We certainly agree that incentives play a vital role in human behavior. Crime rises when crime pays, and it falls when it does not.4 Attempts to address drug abuse and homelessness are often hampered by policies that limit the use of incentives-based approaches, and the realignment of incentives is a critical ingredient in turning around these epidemics.5 These are cases where the incentives provided by government policy are in fact completely backward, incentivizing the very behavior that is societally destructive.
However, it is a serious question whether economic and social problems can be solved under a strictly technocratic lens. Data that look at economic or social phenomena can describe certain societal dynamics, but often how these problems manifest say more about the cultural attitudes of the people involved than they do about one government policy.
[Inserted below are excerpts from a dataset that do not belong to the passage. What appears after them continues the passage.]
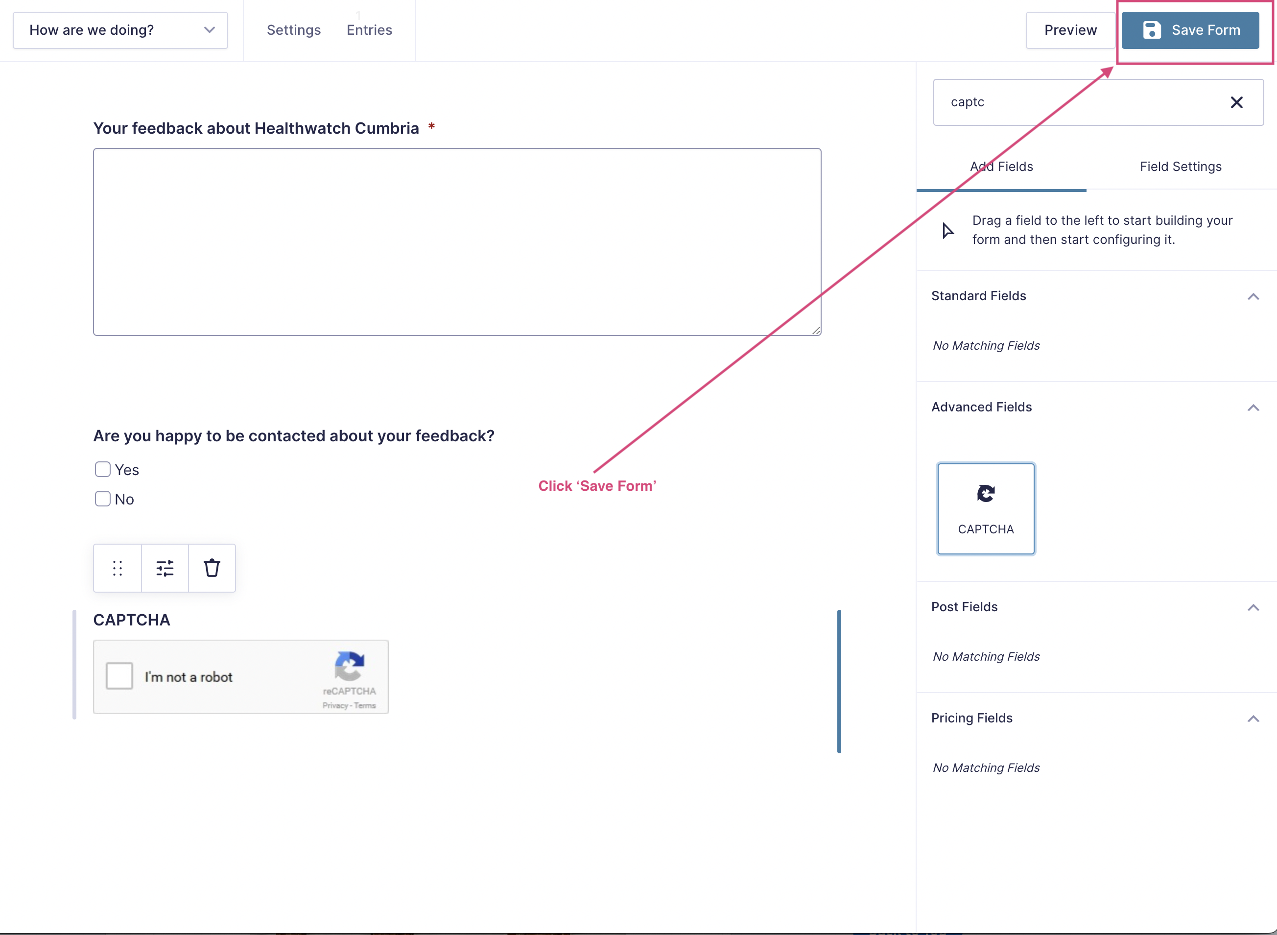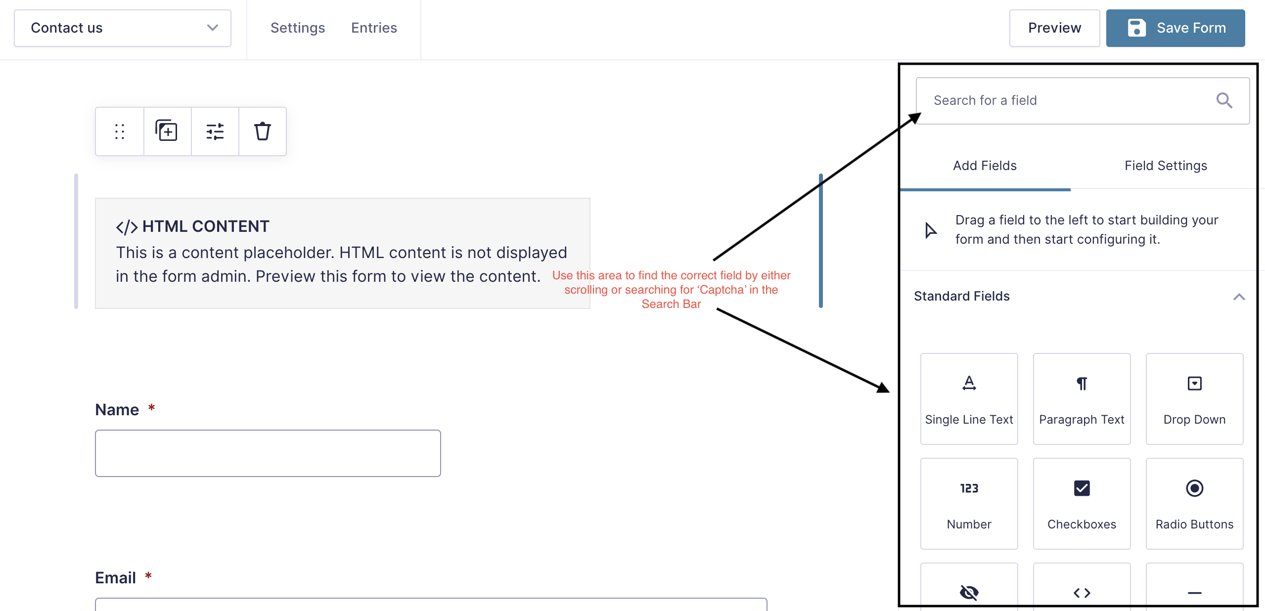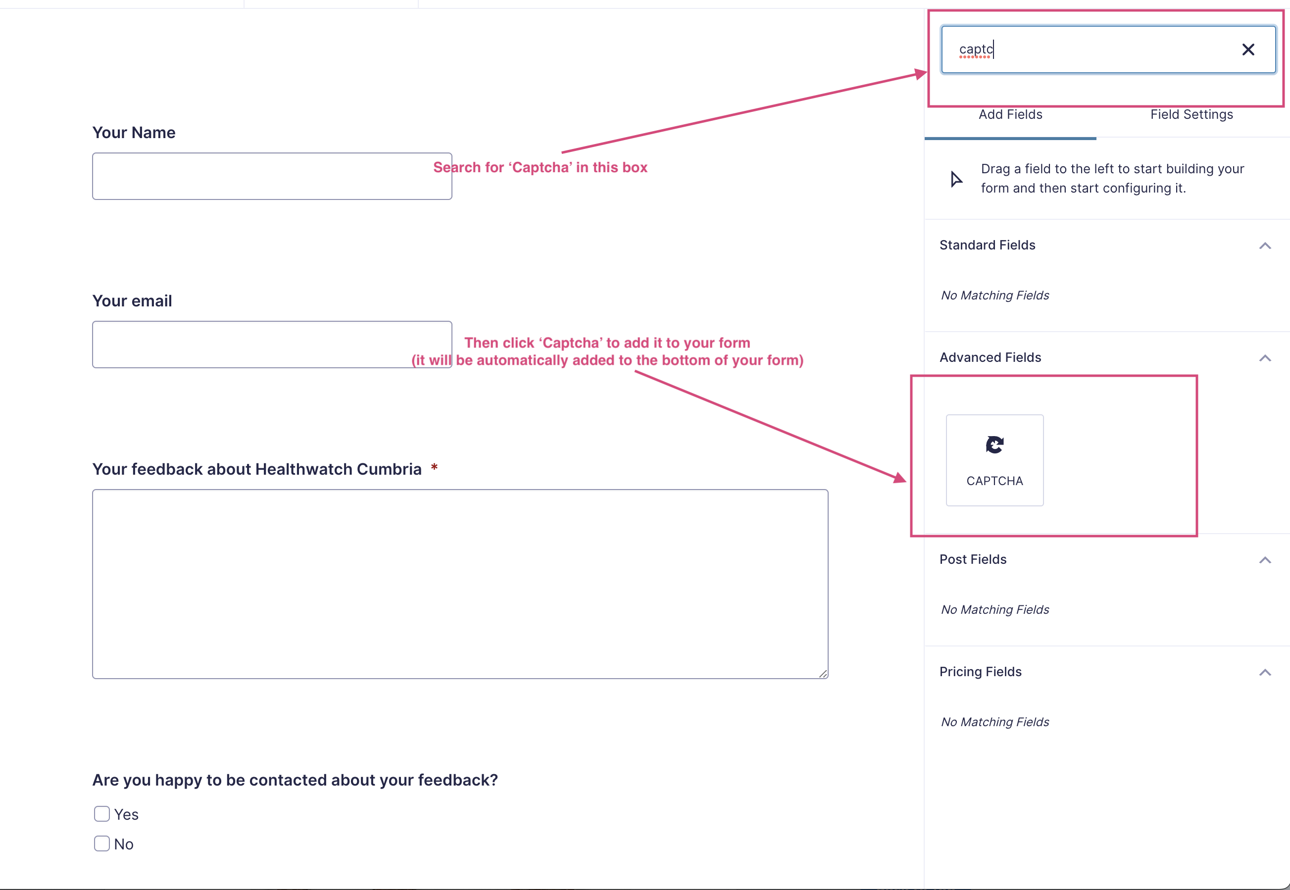 Then click 'Captcha', this will automatically add the captcha to the bottom of the form:
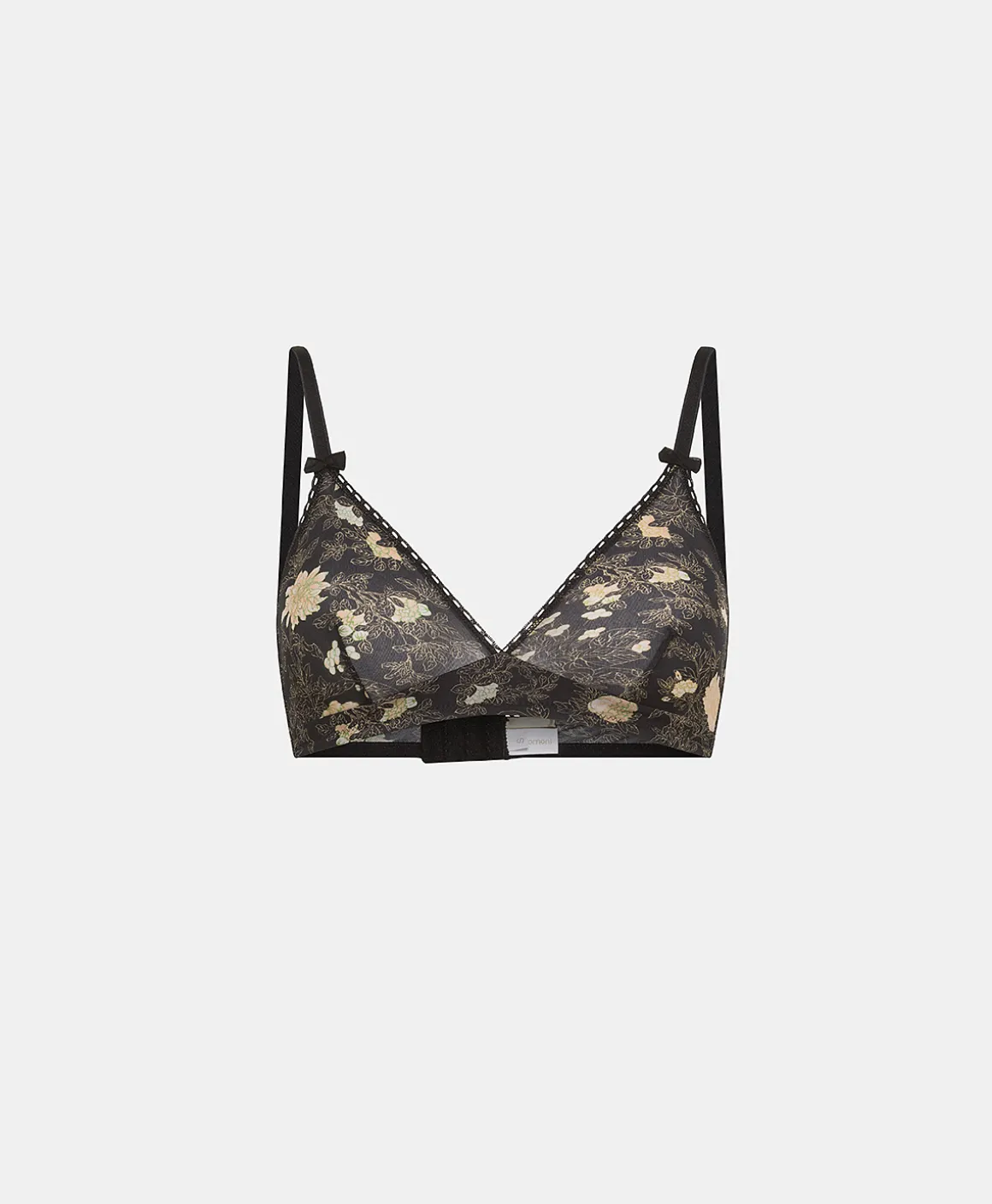 Reggiseno carry-over realizzato in morbida charmeuse stretch nelle esclusive stampe Momonì. L’avvolgente forma a triang…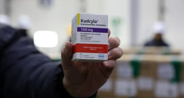 O Ministério da Saúde recebeu, nesta segunda-feira (13), o primeiro lote do medicamento trastuzumabe entansina, incorporado ao Sistema Único de Saúde (SUS), em 2022, para o tratamento do câncer de mama. O remédio é indicado para quem ainda continuou com a doença após a quimioterapia inicial, geralmente em casos de câncer de mama HER2-positivo em estágio 3, informou a pasta.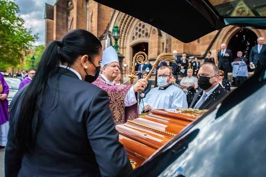 ترأس الانبا أنتوتى فيشر مطران ورئيس أساقفة الكنيسة الكاثوليكية فى سيدنى صباح اليوم الجمعة الموافق ٢٥ سبتمبر بكاتدرائية القديسة العذراء مريم الكاثوليكية القداس الإلهى وصلاة جنازة السيد جون فاهى الرئيس الأسبق لحكومة ولاية نيو ساوث ويلز , وزير المالية الفيدرالي الاسبق ومستشار الجامعة الأسترالية الكاثوليكية بحضور زوجة ,ابناء واحفاد الراحل وقد أقتصرت المراسم على حضور عدد يقدر ب ٣٠٠ شخص موزعون فى انحاء الكاتدرائية طبقاً للإجراءات الإحترازية التى فرضتها الحكومة فى مواجهة فيروس كورونا يتقدمهم أعلى القيادات السياسية الأسترالية والشخصيات العامة ومنهم السيد ديفيد هيرلي الحاكم العام الاسترالى وزوجته , حاكمة نيو ساوث ويلز السيدة مارجريت بيزلي , السيد بيتر كوسجروف الحاكم العام السابق لأستراليا , السيد سكوت موريسون رئيس الوزراء الأسترالى وزوجته , السادة رؤوساء الوزراء السابقين لأستراليا جون هاورد , مالكولم تورنبول وتوني أبوت كما حضرت السيدة جلاديس بريجيكليان رئيسة وزراء ولاية نيو ساوث ويلز والسيدة جودي مكاي رئيسة حكومة الظل لولاية نيو ساوث ويلز .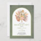 Tropisch getrocknete Blätter aus Palmen, Pampas-Gras und Protea-Blume laden zu einer grünen Bogen-Party ein. Dieses schöne Hochzeitsdesign besticht durch einen Bogenrahmen auf grünem, farbigem Hintergrund. Im Rahmen befindet sich ein Aquarellbouquet mit Blätter aus getrockneten Palmen, Protea-Blume und Pampas-Gras.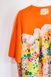 まこさんが直接描いたカラフルな花柄布をアートパーツとして大胆にあしらい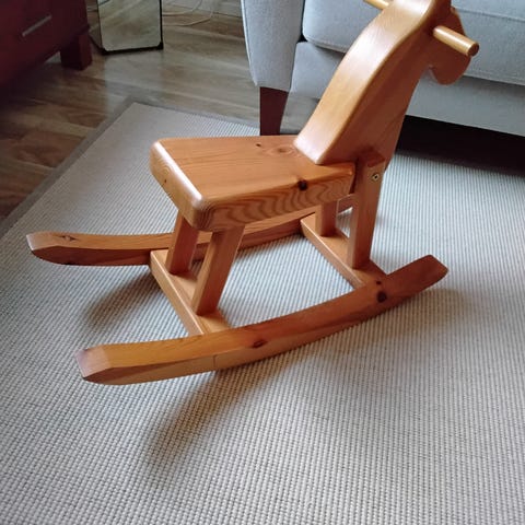 Täyspuuta, kestävä ja jykevä keinuhevonen.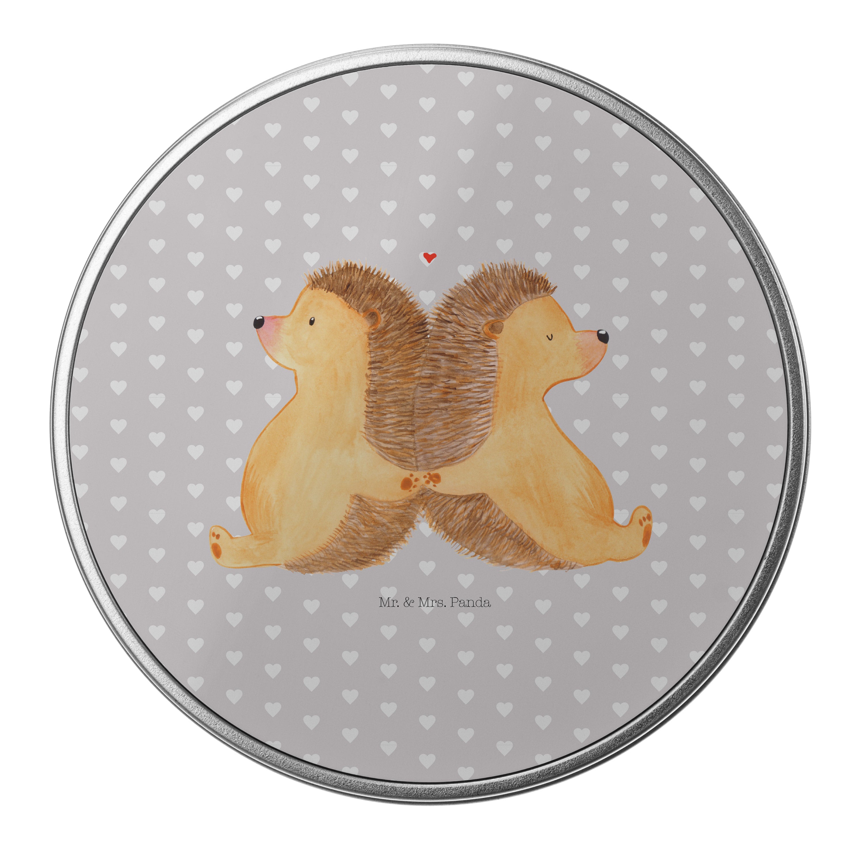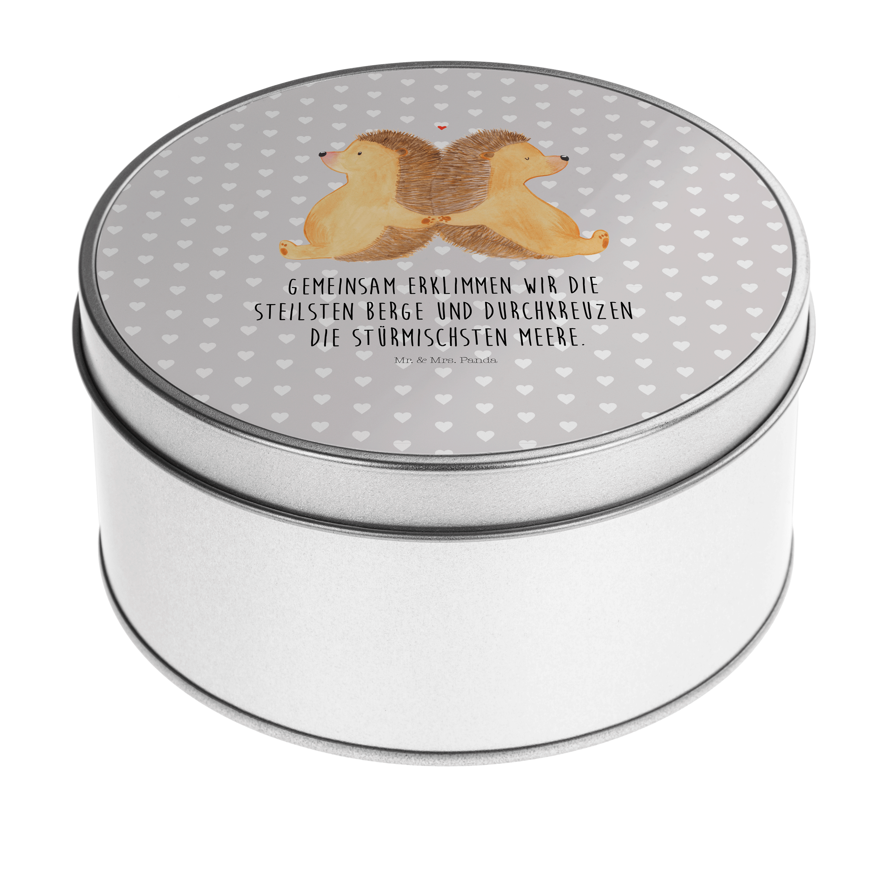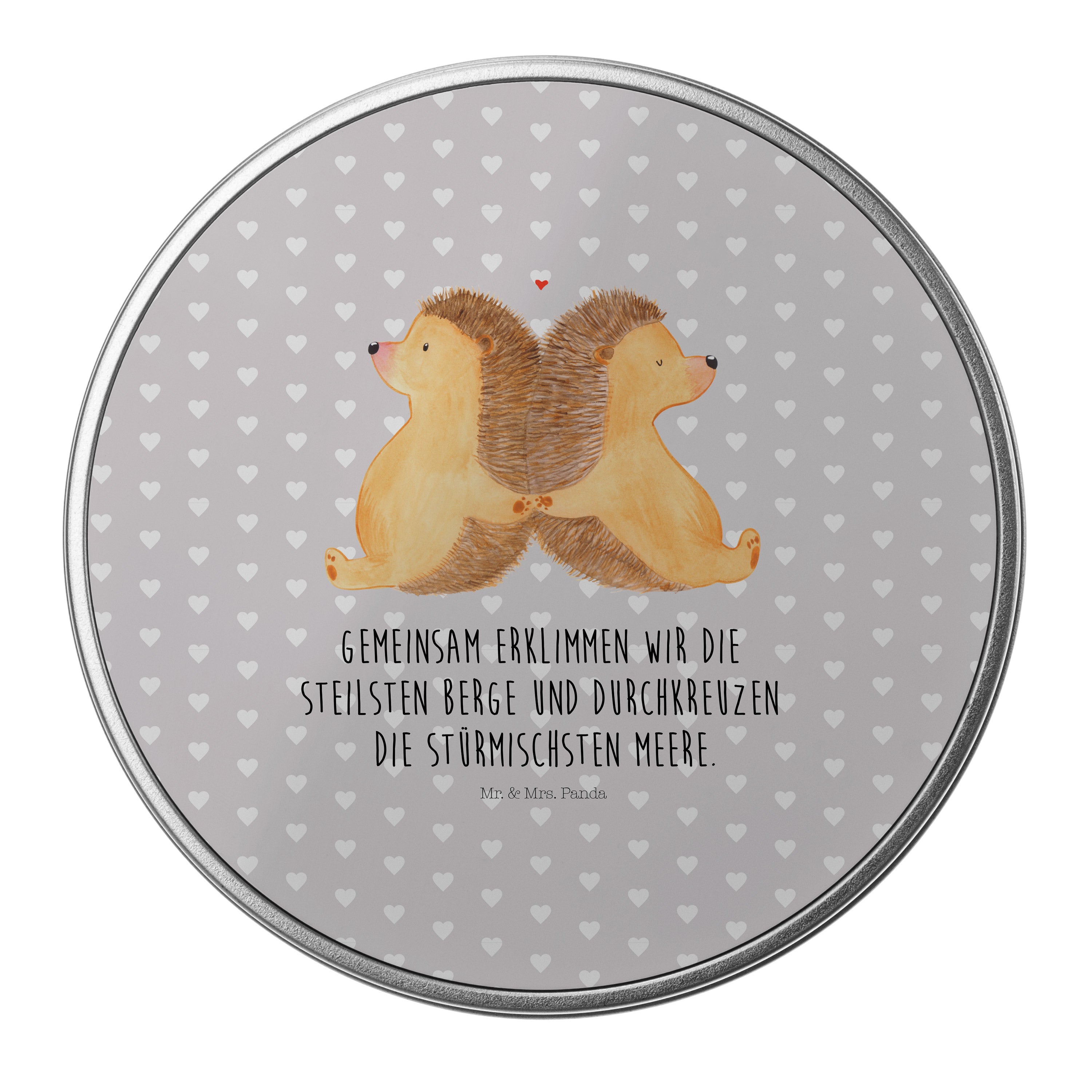 Blechdose rund Igel händchenhaltend - mit Spruch - Grau Pastell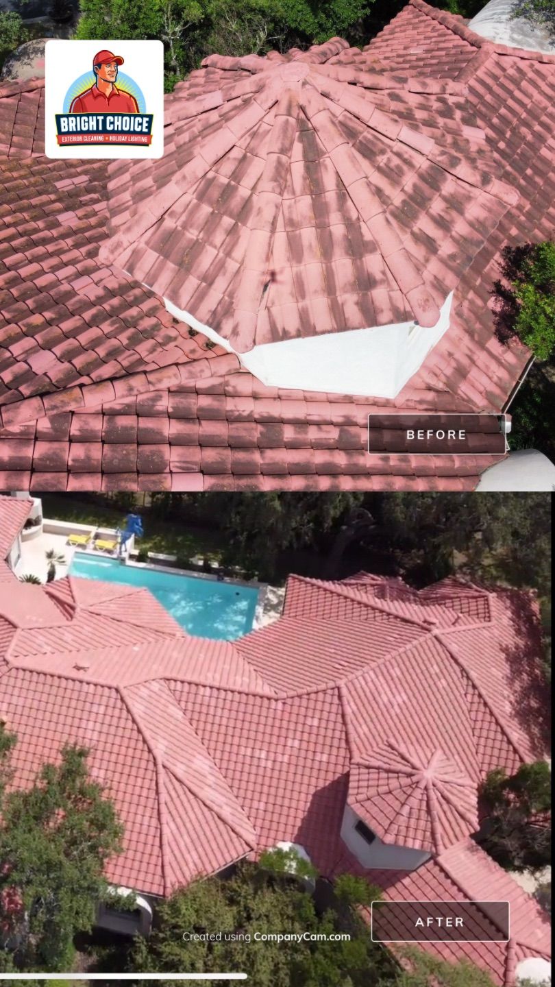 Bright Choice completed a comprehensive exterior cleaning project in San Antonio, TX, and we are sharing the details here at Bright Choice to show the results and methods used. The project included a tile roof soft wash, driveway pressure washing, a vinyl and painted house soft wash, and gutter cleaning. Every service was provided with the Stay Bright Guarantee, which includes a three year roof wash warranty. If algae or mildew returns within three years, the affected roof areas will be retreated at no additional cost.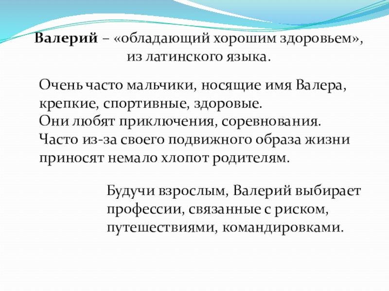 Будучи взрослым, Валерий выбирает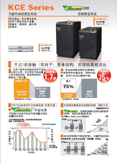 6、 ORION KCE爪式真空机组自动检测真空泵的负载情况即使是同样的真空泵,同样的流量,也可以实现大幅度节能。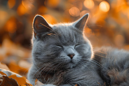 Contemplative cat is surrounded by warm fall foliage, creating a serene backdrop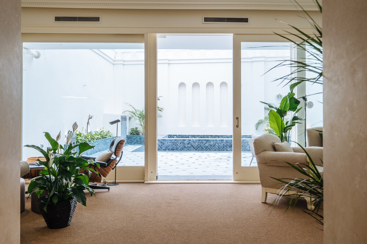 ํ๋์ ์ธ ํด๊ฐ์ง ์์๋ก ๊ฐ์กฐ๋ ์๋ฆ๋ต๊ฒ ๋ณต์๋ ํ์ดํ์ฐ์ค๋ ๋ฐ๋ปํ๊ณ ํ๋์ ์ธ ์ธํ ๋ฆฌ์ด์ ์ธ๋์คํธ๋ฆฌ์ผ ์คํ์ผ์ ๊ฐ๊ฐ์ผ๋ก ์ค๋๋ ๊ฑด๋ฌผ ๊ตฌ์กฐ๋ฅผ ๊ธฐ๋ ํฉ๋๋ค. ๋ฐ๋ฅ์์ ์ฒ์ฅ๊น์ง ์ด์ด์ง๋ ํ๋์ค์ ์ฐฝ๋ฌธ์ ํตํด ์ ํต์ ์ธ ๋ฐ์ฝ๋๊ฐ ๋ด๋ ค๋ค๋ณด์ ๋๋ค. ๋ ธ์ถ๋ ์ฌ์ ๋ฒฝ์ ์กฐ๋ช ์ ๋ฐํ๊ณ ๋ฉ์ง ์ฐธ๋๋ฌด ๋๋ค๋ณด ์ฒ์ฅ์ ๋ฐํ๋ฉฐ ํ ํธ์ธ ๊ณต๊ฐ์ ํ์ด์ด ๊ฐ๋ํฉ๋๋ค. ๊ณต์ฉ ์ต์์ธต ํ ๋ผ์ค์์๋ ๋์ฑ๋น ์ง๋ถ๊ณผ ํ๋๋ค์ ๋๋ผ์ด ์ ๋ง์ ๊ฐ์ํ ์ ์์ต๋๋ค.

With this in mind, let’s return to the issue of childcare and childbearing. Various media outlets and “experts” have recently suggested that one of the primary reasons people are not having kids has to do with the rising costs of childcare. According to one source, 3 in 5 millennials will say they are putting off having children due to mounting costs associated with doing so.6 Thus, the thinking goes that more must be done to help families financially since these trends are ultimately causing the fertility rate to fall well below replacement.7
Yet the evidence around offering financial incentives to induce greater levels of childbearing has had limited results and deserves greater scrutiny particularly when considering the price tag of such policies. For example, Hungary has been offering large financial incentives including no income taxes for life for women who have more than 3 kids as well debt forgiveness and major subsidies for home ownership. These benefits amount to almost 5 percent of the country’s GDP. Yet, over the last ten years the fertility rate has only increased from 1.23 to just 1.50 – still well below replacement level of 2.1.8
In Poland in 2016, the government passed legislation which gave a monthly allowance of 500 PLN or $130 per child to families having children (initially for second and subsequent children, but soon after the policy was amended to include first children as well). Yet still, after seeing an initial spike in the fertility rate in 2017 after the passage of the policy, the fertility rate dropped to around pre-legislation levels, falling to 1.33 in 2021 (the rate was 1.32 in 2015).9 In general, despite the significant costs of state investment into pro-natalist policies, studies have shown mixed results as to whether we can simply pay our way out of this issue, and thus this should make people skeptical of claims coming from political figures in the United States about the family formation benefits associated with any single policy such as simply increasing the child tax credit.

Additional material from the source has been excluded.